Economic Indicators | Economic Growth

News from EPI The coronavirus shock was historically large—and the bounceback has already likely stalled

Commerce department data released today confirmed what everybody already knew: gross domestic product collapsed faster in the second quarter of 2020 than it has in any other recorded quarter of U.S. history. (This data has been tracked quarterly since 1947.) The U.S. GDP, the widest measure of economic activity, contracted at a 32.9% annualized rate in the second quarter. In the first quarter, the rate of contraction was 5.0%.

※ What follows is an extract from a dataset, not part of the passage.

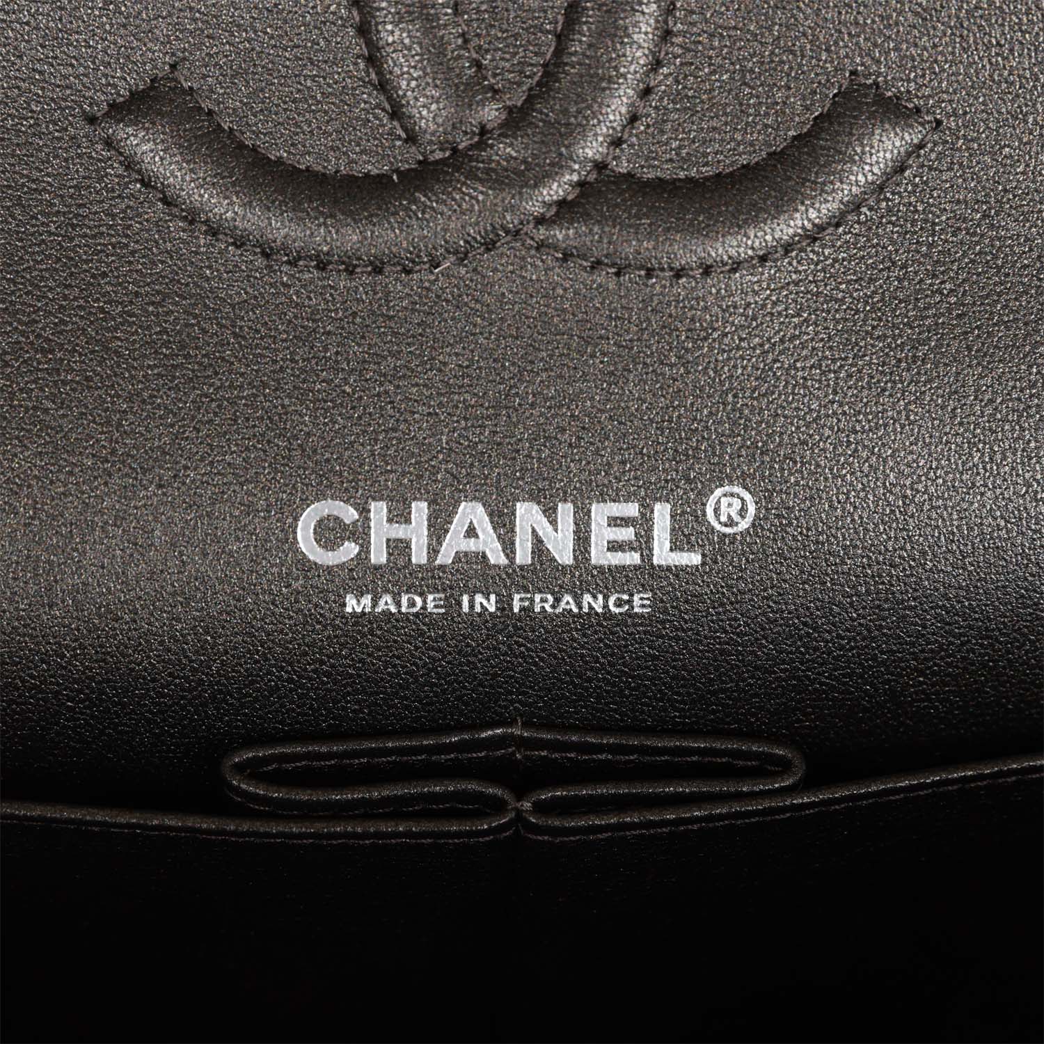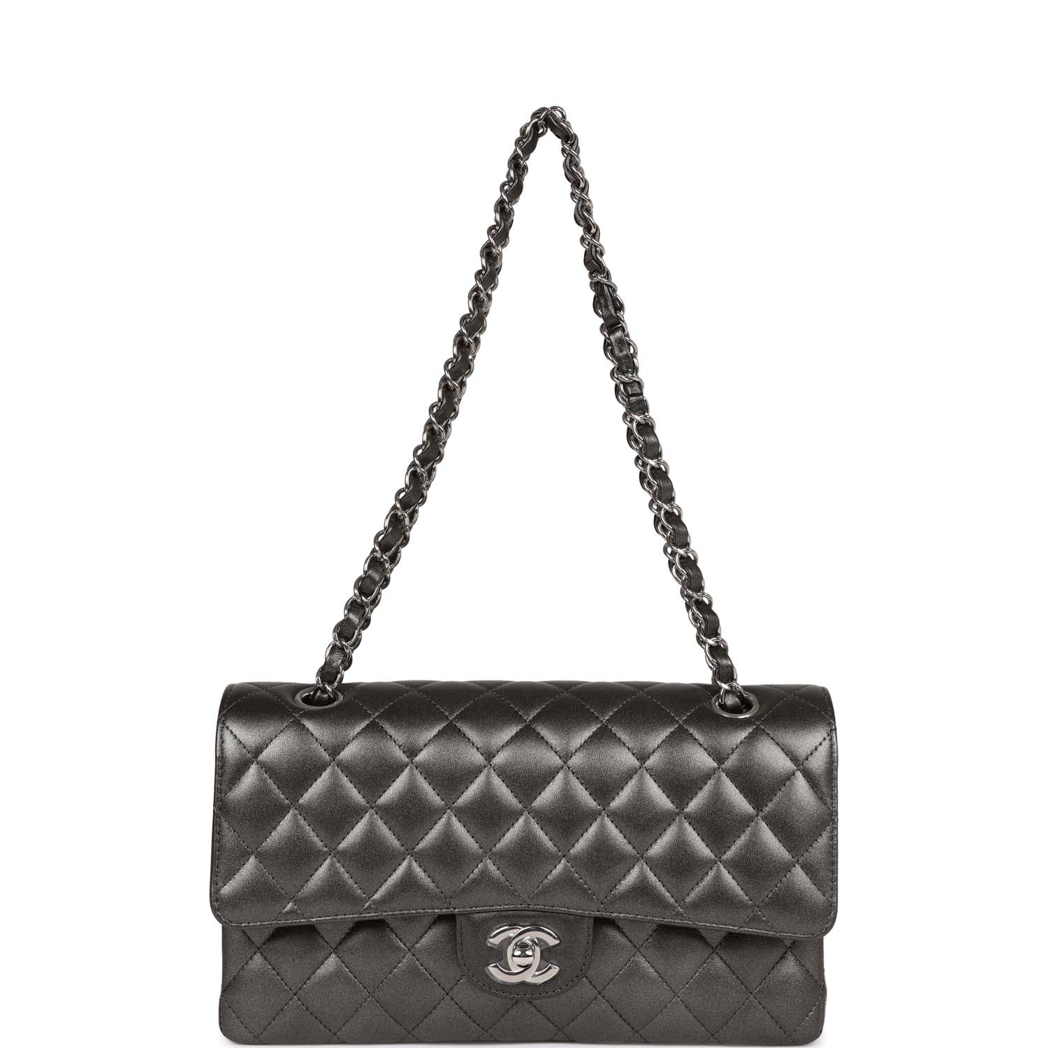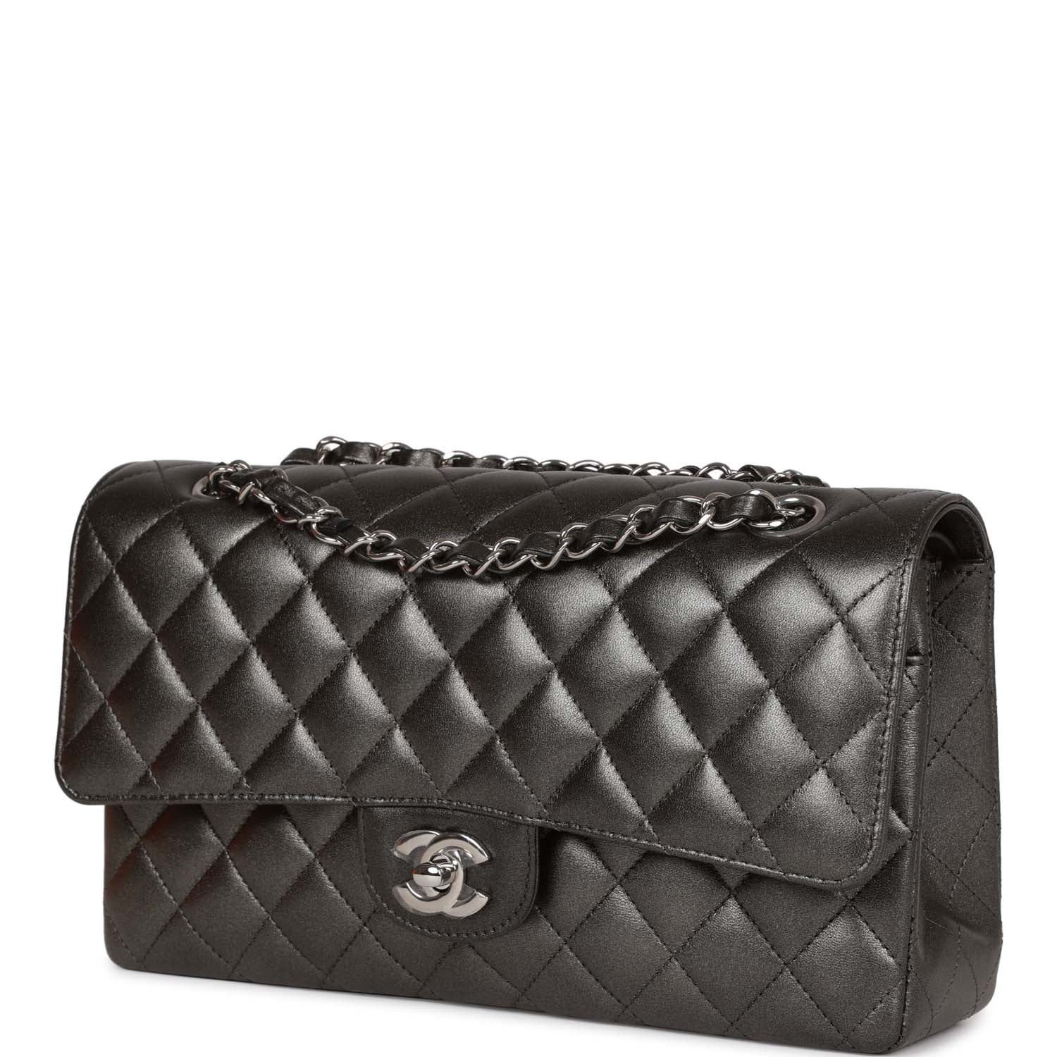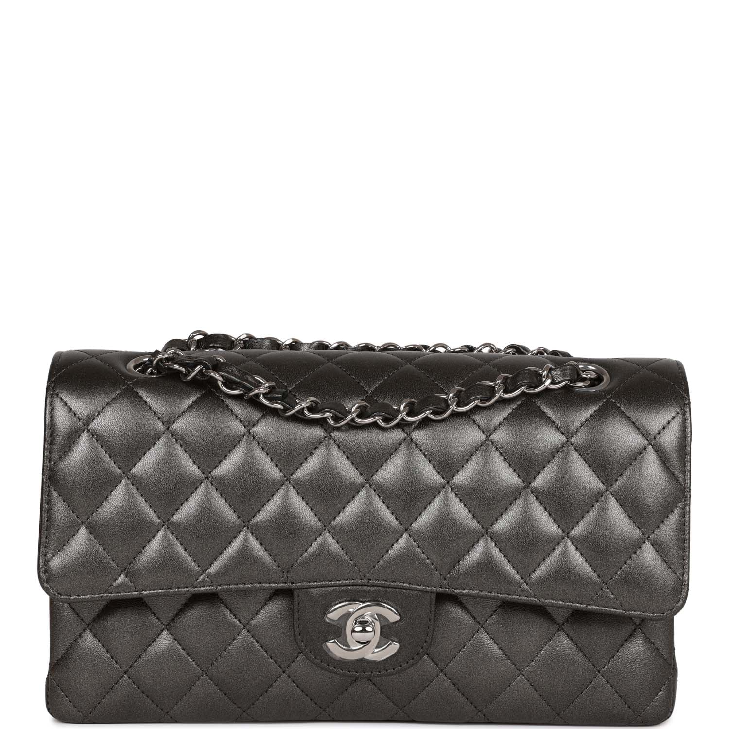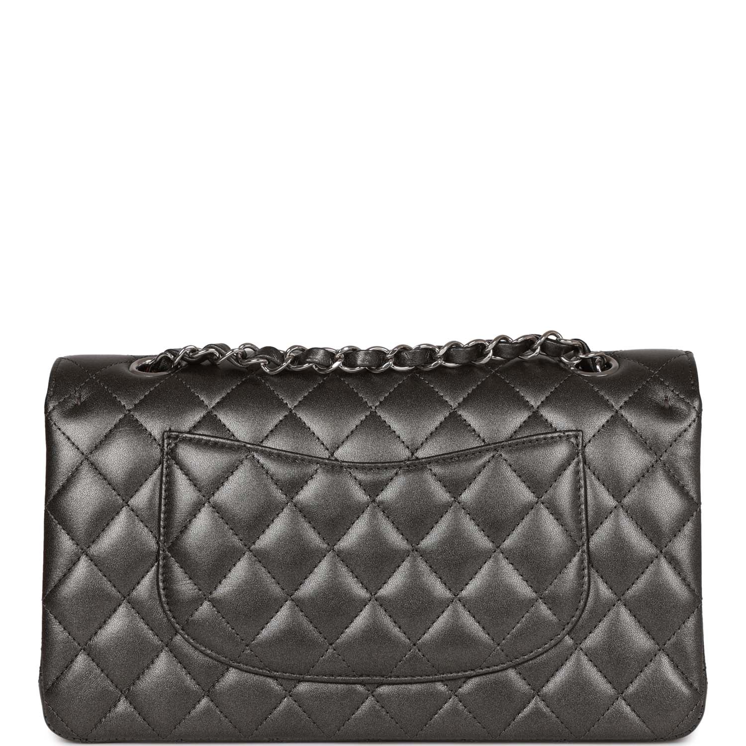 Chanel Medium Classic Double Flap Bag Metallic Grey Lambskin Silver Hardware

Policymakers should realize two things about this completely expected data. First, it shows the utterly enormous scale of recovery the economy needs to mount before it is anywhere close to healthy. To put it simply, it could take years of historically fast GDP growth just to return the economy to the pre-COVID-19 status quo. Second, the today’s quarterly data mask important intra-quarter trends, and they miss troubling developments in the month of July, which we won’t see until the next quarterly data release. Concretely, the economic collapse of the second quarter largely happened in April (though it began in March in the first quarter of the year), with May and June seeing some rapid (but still woefully insufficient) bounceback. But this bounceback is likely to have already ended in July. Next Friday (August 7th) we’ll see data on employment growth in July. Many early data indicators strongly forecast flat or even negative employment changes in July.

The policy response to this should be clear. Even when the economy saw rapid bounceback in May and June, the COVID-19 economic shock inflicted so much damage in earlier months that the net result was an economic catastrophe for the second quarter. Even if this early bounceback had persisted in July, it would’ve needed substantial fiscal aid from Congress to continue. The fact that this bounceback has almost certainly stalled means this aid is even more necessary. Congress and the president need to restore the extra $600 in unemployment insurance so long as the job market remains damaged, and needs to provide large-scale, flexible aid to state and local governments to keep the coming revenue shortfalls facing these governments from translating into spending cuts and austerity that will starve U.S. households of needed help and drag on recovery in coming months.